[Start of section]

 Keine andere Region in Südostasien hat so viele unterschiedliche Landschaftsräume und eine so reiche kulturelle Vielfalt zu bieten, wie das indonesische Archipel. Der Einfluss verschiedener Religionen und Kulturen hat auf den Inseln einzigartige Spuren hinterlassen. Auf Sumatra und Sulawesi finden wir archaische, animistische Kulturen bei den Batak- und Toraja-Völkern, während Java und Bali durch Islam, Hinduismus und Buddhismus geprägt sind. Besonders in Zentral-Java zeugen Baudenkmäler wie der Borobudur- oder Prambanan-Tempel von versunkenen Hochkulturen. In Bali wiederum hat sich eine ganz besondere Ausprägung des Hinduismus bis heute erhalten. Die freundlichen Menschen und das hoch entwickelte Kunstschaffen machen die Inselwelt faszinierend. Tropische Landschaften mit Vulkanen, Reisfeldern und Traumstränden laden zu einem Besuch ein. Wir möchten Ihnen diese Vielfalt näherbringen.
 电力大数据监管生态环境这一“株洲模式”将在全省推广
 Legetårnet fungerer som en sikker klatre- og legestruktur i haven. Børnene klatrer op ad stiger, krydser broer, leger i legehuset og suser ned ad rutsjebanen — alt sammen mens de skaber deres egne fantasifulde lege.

[End of section]
[Start of section]

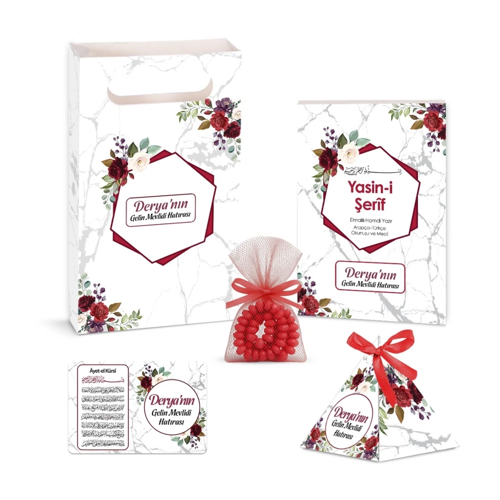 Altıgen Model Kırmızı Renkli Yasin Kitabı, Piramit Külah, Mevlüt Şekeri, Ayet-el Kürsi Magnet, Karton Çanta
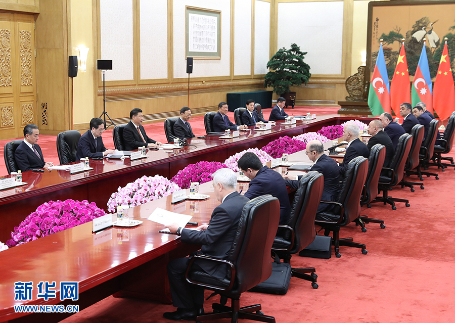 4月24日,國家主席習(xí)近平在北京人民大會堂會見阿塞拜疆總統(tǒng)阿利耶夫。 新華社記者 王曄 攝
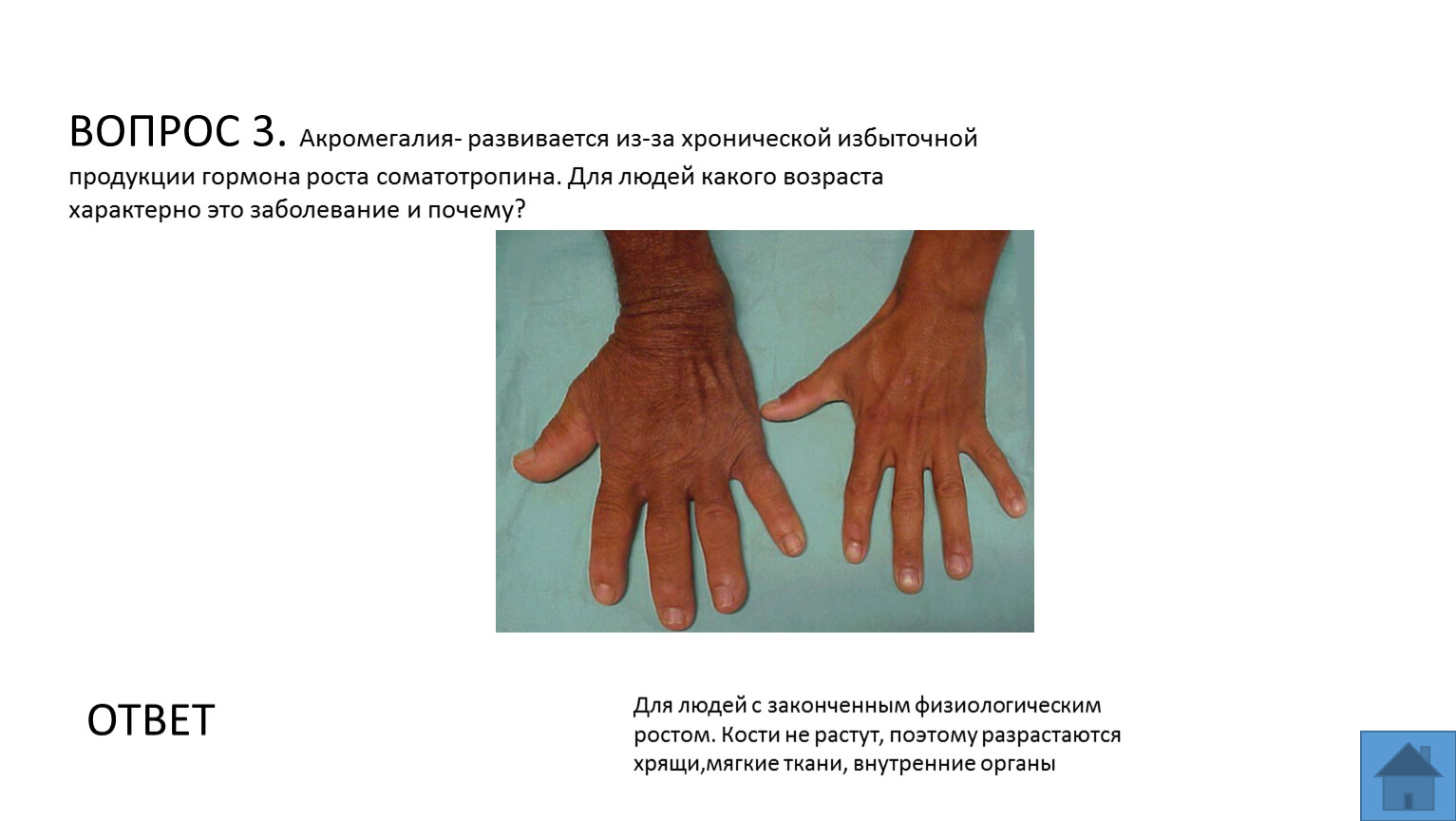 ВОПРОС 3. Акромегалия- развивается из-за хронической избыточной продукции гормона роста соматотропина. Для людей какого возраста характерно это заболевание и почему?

[End of section]

**What is needed**
Within the listing above, the stretch from the line with "Altıgen Model Kırmızı" down to the line with "ВОПРОС 3. Акромегалия- развивается" is to be given again exactly, end lines included and pictures excluded.

**Solution for this task**
 Altıgen Model Kırmızı Renkli Yasin Kitabı, Piramit Külah, Mevlüt Şekeri, Ayet-el Kürsi Magnet, Karton Çanta
 4月24日,國家主席習(xí)近平在北京人民大會堂會見阿塞拜疆總統(tǒng)阿利耶夫。 新華社記者 王曄 攝
 ВОПРОС 3. Акромегалия- развивается из-за хронической избыточной продукции гормона роста соматотропина. Для людей какого возраста характерно это заболевание и почему?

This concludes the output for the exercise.